Ancien député de l’Alliance sociale de Mahebourg/Plaine-Magnien (Circonscription N°12) entre 2005 et 2010, et ensuite privé d’investiture aux dernières élections générales après une brouille avec son colistier travailliste, le ministre Vasant Bunwaree, Richard Duval n’aura pas attendu longtemps pour sortir de sa traversée du désert, pendant laquelle il s’est fait tout discret. Le fils de Sir Gaëtan vient en effet d’être propulsé président de la State Properties Development Company (SPDC).
La nomination de Richard Duval a été avalisée le 17 janvier par la SPDC. Selon nos informations, c’est la National Real Estates Limited, une nouvelle compagnie d’État dont la mise sur pied avait été annoncée dans le dernier discours du Budget, qui aurait recommandé ce choix. Mais puisque la gestion de la SPDC est désormais soumise au contrôle de la National Real Estates Limited, et que cet organisme est, à son tour, directement sous la responsabilité du ministère des Finances, certains émettent des doutes sur le fait que Richard Duval aurait donc bénéficié d’un coup de pouce familial. Et de se poser la question s’il n’y aurait trace d’une entente incestueuse, quelque part intolérable sous d’autres démocraties ? Toujours selon nos informations, la nomination n’aurait pas été discutée au Conseil des ministres puisque, le contraire étant avéré, le communiqué hebdomadaire en aurait fait mention. Le même jour, soit le 17 janvier, aussitôt la décision prise par le Board de la SPDC, Richard Duval a présidé sa première réunion.
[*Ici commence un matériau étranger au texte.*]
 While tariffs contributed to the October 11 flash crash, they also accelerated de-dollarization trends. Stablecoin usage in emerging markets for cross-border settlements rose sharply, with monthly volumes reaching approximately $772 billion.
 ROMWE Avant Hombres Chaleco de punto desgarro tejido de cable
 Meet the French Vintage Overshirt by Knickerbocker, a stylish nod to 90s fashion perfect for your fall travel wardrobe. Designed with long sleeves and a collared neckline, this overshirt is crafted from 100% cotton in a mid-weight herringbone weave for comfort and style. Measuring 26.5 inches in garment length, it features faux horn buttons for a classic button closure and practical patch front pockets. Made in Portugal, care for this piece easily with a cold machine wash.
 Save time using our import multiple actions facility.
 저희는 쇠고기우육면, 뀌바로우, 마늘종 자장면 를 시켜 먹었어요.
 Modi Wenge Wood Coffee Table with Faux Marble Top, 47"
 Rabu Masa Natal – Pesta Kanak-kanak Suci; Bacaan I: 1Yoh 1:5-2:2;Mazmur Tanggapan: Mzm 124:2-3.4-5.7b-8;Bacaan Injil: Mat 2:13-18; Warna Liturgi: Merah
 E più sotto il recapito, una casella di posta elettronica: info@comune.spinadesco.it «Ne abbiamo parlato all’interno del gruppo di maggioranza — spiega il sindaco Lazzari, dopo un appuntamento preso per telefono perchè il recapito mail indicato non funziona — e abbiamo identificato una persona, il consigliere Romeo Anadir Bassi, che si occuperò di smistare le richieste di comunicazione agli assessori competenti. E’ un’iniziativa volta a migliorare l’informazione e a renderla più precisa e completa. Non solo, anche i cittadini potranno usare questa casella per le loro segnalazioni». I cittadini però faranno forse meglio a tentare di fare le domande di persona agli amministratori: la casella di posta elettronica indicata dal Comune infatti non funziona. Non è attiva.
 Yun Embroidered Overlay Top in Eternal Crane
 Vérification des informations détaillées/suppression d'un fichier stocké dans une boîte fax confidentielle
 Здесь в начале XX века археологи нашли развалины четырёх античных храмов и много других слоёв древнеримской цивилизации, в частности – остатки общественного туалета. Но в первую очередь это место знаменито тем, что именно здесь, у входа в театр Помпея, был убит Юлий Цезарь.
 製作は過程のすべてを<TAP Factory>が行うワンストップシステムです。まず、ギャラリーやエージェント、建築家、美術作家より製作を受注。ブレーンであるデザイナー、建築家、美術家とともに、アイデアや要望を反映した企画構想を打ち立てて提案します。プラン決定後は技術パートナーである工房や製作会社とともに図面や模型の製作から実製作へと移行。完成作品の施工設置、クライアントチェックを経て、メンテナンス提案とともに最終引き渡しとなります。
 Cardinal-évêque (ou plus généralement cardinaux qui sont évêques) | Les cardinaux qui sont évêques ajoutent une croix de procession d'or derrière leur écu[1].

Toujours selon les indications recueillies par Week-End, bien qu’il y ait eu, certes, quelques grincements de dents au sein même du PMSD, de la part de certains membres de ce parti aspirant à une promotion, la nomination du frère du ministre des Finances n’a pas soulevé de trop grosses vagues. D’autant que les salaires du président de la SPDC (environ une trentaine de milliers de roupies par mois) ne seraient pas particulièrement très attirants par rapport aux responsabilités qui y sont rattachées.
En fait, un dossier assez délicat attend déjà d’être traité par le nouveau président et son Board. Il s’agit de la mise en vente des magasins et autres emplacements commerciaux de la SPDC sur le Port-Louis Waterfront à des acquéreurs privés potentiels.
Il faut savoir que les avoirs de la SPDC sont évalués à plusieurs milliards de roupies. Toutefois, la mise en vente des magasins de la SPDC situés sur le Waterfront serait un exercice beaucoup plus compliqué qu’il ne le parait, dans la mesure où, si les bâtiments et autres immeubles appartiennent bien à la compagnie d’État, il demeure qu’ils ont été construits sur des terrains appartenant à la Mauritius Ports Authority (MPA). Une première maladresse aurait même été commise dans le dossier : au cours des premiers jours de l’année, tout le capital que détient l’État au sein de la State Properties Development Company (soit 99,9 % de l’actionnariat) avait été, dans un premier temps, transféré à la National Real Estates Limited. Mais ce capital a ensuite été retourné et un troisième organisme, la State Investment Corporation (SIC) serait intervenu pour dire son mot dans la transaction.
Et voilà qu’en sus de veiller à l’entraînement très matinal de ses chevaux, il incombera donc dorénavant à Richard Duval de veiller à ce que la privatisation des avoirs de l’État (soit dit en passant, une politique très chère à son ministre de frère) ne se fasse pas au détriment des intérêts du peuple.